| Bunting v Cervera |
| 2018 NY Slip Op 51871(U) [62 Misc 3d 128(A)] |
| Decided on December 13, 2018 |
| Appellate Term, Second Department |
| Published by New York State Law Reporting Bureau pursuant to Judiciary Law § 431. |
| This opinion is uncorrected and will not be published in the printed Official Reports. |
Frank Cervera, appellant pro se. Law Offices of Kenneth L. Bunting (Kenneth L. Bunting of counsel), respondent pro se.
Appeal from an order of the Justice Court of the Town of Minisink, Orange County (Paul Lattimer, J.), dated July 13, 2017. The order denied defendant's motion to vacate a judgment of that court entered December 22, 2016 upon defendant's failure to appear at trial.
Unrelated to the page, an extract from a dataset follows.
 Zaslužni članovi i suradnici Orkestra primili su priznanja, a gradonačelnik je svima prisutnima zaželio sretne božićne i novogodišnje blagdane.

ORDERED that the order is affirmed, without costs.
After defendant failed to appear on the trial date of this small claims action to recover an attorney's fee in the principal sum of $712.50, the Justice Court informed defendant of his default and offered defendant the opportunity to reopen the hearing if there had been "extenuating circumstances" for the default. Defendant requested that the matter be reopened on the ground that he had not received notice of the hearing. His request was denied, and, on December 22, 2016, a default judgment was entered against defendant in the total sum of $1,027.50. Defendant appeals from an order of the Justice Court which denied his motion to vacate the default judgment pursuant to CPLR 317 and 5015 (a) (1) and (4).
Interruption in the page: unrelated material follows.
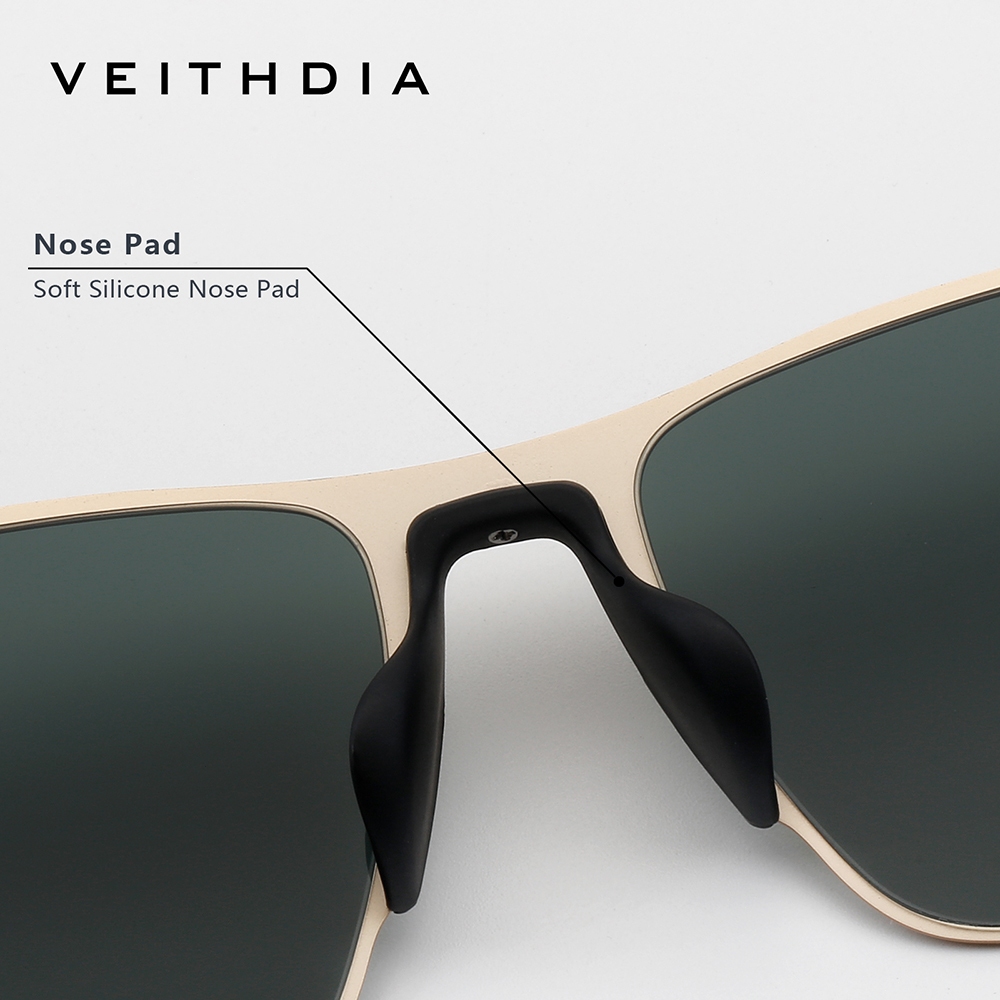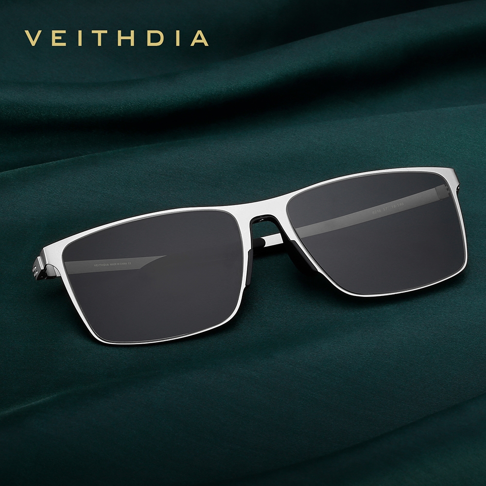 VEITHDIA Kacamata hitam pria polarized anti UV dengan bingkai persegi dari stainless steel dan lensa dari nylon HD model V8212

The Justice Court notified defendant at his residence, by ordinary first-class mail and by certified mail with return receipt requested, of the pendency of this small claims action and his obligation to appear in court on the date specified therein (see UJCA 1803). After the expiration of 21 days, the first-class mail had not been returned as undeliverable. Defendant's conclusory denial of service failed to rebut the statutory presumption that he had received notice of the claim (see UJCA 1803 [a]; see also Alterman v Adelphi Academy of Brooklyn, 53 Misc 3d 152[A], 2016 NY Slip Op 51703[U] [App Term, 2d Dept, 2d, 11th & 13th Jud Dists 2016]; Stoessel v Allstate Ins. Co., 28 Misc 3d 129[A], 2010 NY Slip Op 51244[U], *2 [App Term, 2d Dept, 2d, 11th & 13th Jud Dists 2010]). Thus, defendant's claim that the Justice Court failed to acquire personal jurisdiction over him (see CPLR 5015 [a] [4]) is without merit.
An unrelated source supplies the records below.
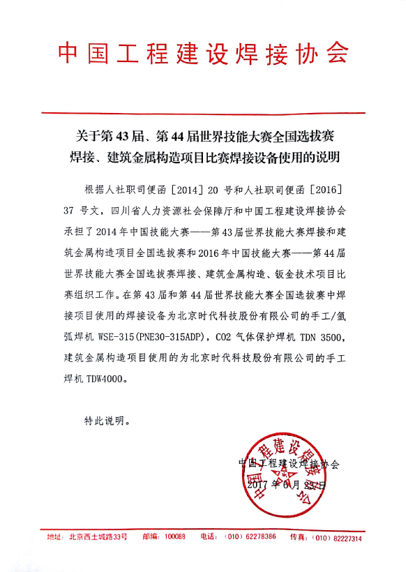 關(guān)于第43屆、第44屆世界技能大賽全國(guó)選拔賽焊接設(shè)備的使用情況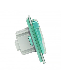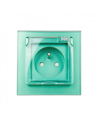 Gniazdo posiada standardowe uziemienie w bolcu. Wszystkie urządzenia oferowane na rynku europejskim i wymagające uziemienia powinny być wyposażone we wtyczki pasujące do tego standardu. Front wykonany z hartowanego szkła kryształowego, niezwykle łatwy do utrzymania w czystości. Idealnie wpasowuje się w nowoczesne oraz eleganckie wnętrza oraz idealnie komponuje się z włącznikami dotykowymi. Gniazdko dzięki klapce idealnie sprawdzi się w pomieszczeniach o wysokim poziomie wilgotności, dzięki temu będzie jeszcze bardziej bezpieczne w użytkowaniu.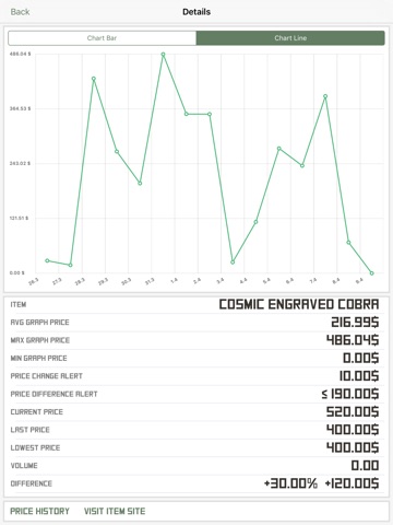 - Price history of the items – check how the price changed overtime, every price change is registered together with the exact time!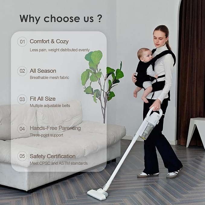 - Work-Saving Structure: Our baby holder carrier features a crossed shoulder strap and built-in EVA lumbar support structure, which distributes pressure on the shoulders, back, and waist evenly. This labor-saving design better protects your body and reduces pain and discomfort.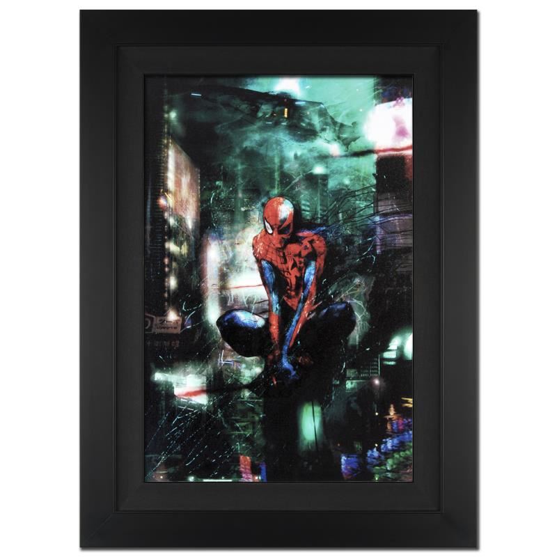 A piece of comic book history, this limited edition, from original art by Christopher Shy, depicts an epic image of Spider-Man. A freelance science fiction and fantasy artist, Christopher Shy has also drawn his own graphic novels. "Timestorm" is an extremely limited edition giclee on canvas by Christopher Shy presented by Marvel Comics, hand signed by the great Stan Lee and numbered out of only 10! This piece is custom framed and ready to hang. Includes Certificate of Authenticity! Measure approx. 25" x 34" (with frame), 18" x 27" (image). Please allow 5 additional business for items that include canvas stretch or framing.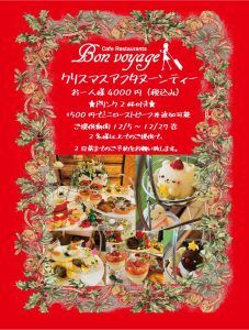 2022.12.13 12月の営業について 12月は休まず営業致します。なお営業時間については、12/22木曜日12/29木曜日12/31土曜日は16:00までの営業とさせて頂きます。只今、12/27までの期間限定でクリスマスアフタヌーンティーを開催しております。1/15より春の倉敷アフタヌーンティーに参加させていただきます。こちらもどうぞよろしくお願い致します。クリスマスケーキ・オードブルのご予約も承りますのでよろしくお願いいたします。 ← 次 一覧ページ 前 →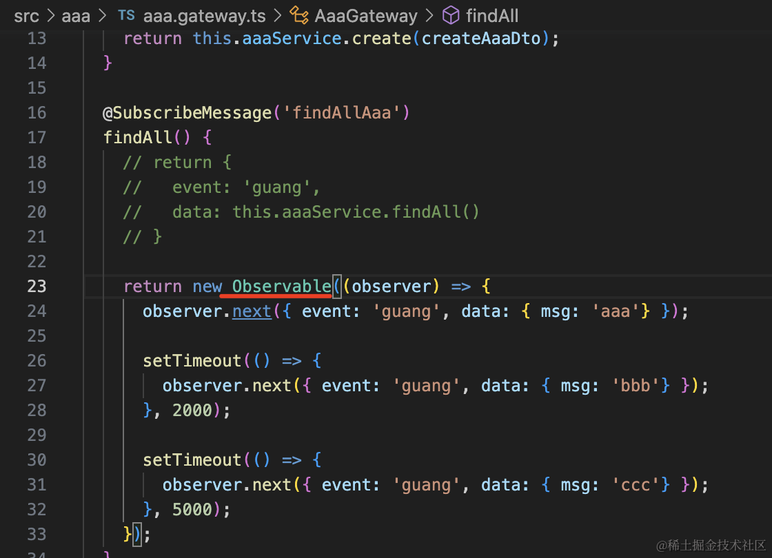 如果想异步返回消息,就通过 rxjs 的 Observer 来异步多次返回。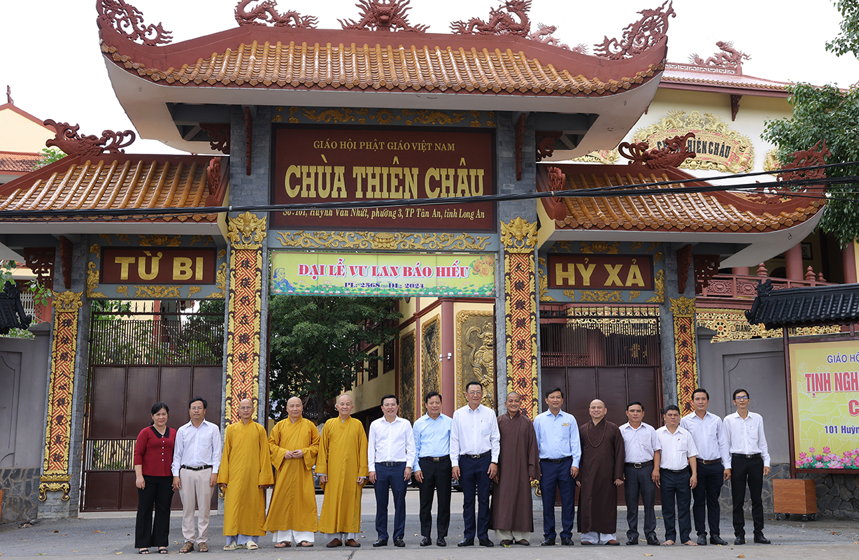 Sáng 15/08/2024( 12/07 Giáp Thìn Chư tôn đức thường trực Ban Trị sự GHPGVN tỉnh Long An đón tiếp ông Phó Bí thư Thường trực Tỉnh ủy Long An trưởng đoàn đại biểu Quốc hội tỉnh Nguyễn Thanh Hải và Phó Chủ tịch ủy ban nhân dân tỉnh ông Phạm Tuấn Hòa cùng lãnh đạo các sở ban ngành đến thăm chúc mừng ban Trị sự giáo hội Phật giáo Việt Nam tỉnh nhân đại lễ vu la năm 2024 tại chùa Thiên Châu thành phố Tân An.

A defendant seeking to vacate a default pursuant to CPLR 317 must demonstrate that he or she "did not personally receive notice of the summons in time to defend and has a potentially meritorious defense" (Benchmark Farm, Inc. v Red Horse Farm, LLC, 162 AD3d 836, 837 [*2][2018]; see also Eugene Di Lorenzo, Inc. v A.C. Dutton Lbr. Co., 67 NY2d 138, 141-142 [1986]; Dalton v Noah Constr. & Bldrs., Inc., 136 AD3d 730, 731 [2016]). A defendant seeking the vacatur of a default judgment pursuant to CPLR 5015 (a) (1) must demonstrate both a reasonable excuse for the default and a potentially meritorious defense (see Eugene Di Lorenzo, Inc. v A.C. Dutton Lbr. Co., 67 NY2d at 141-142; Dalton v Noah Constr. & Bldrs., Inc., 136 AD3d at 731). Defendant's conclusory denial of service was inadequate to establish either a lack of actual notice of the action in time to defend, or that he had a reasonable excuse for his default (see Alterman v Adelphi Academy of Brooklyn, 53 Misc 3d 152[A], 2016 NY Slip Op 51703[U], *1; see also Williamson v Marlou Cab Corp., 129 AD3d 711, 713-714 [2015]). We therefore conclude that the denial of defendant's motion to vacate the default judgment rendered substantial justice between the parties (see UJCA 1804, 1807). In view of the foregoing, it is unnecessary to consider whether defendant sufficiently established the existence of a potentially meritorious defense to the action (see Bank of Am., N.A. v Welga, 157 AD3d 753, 754 [2018]; Bank of Am., N.A. v Agarwal, 150 AD3d 651, 652 [2017]; HSBC Bank USA, N.A. v Roldan, 80 AD3d 566 [2011]; Pappas v Sunrise Volkswagen, Inc., 48 Misc 3d 133[A], 2015 NY Slip Op 51070[U] [App Term, 2d Dept, 9th & 10th Jud Dists 2015]).
We reach no other issue.
Accordingly, the order is affirmed.
TOLBERT, J.P., BRANDS and RUDERMAN, JJ., concur.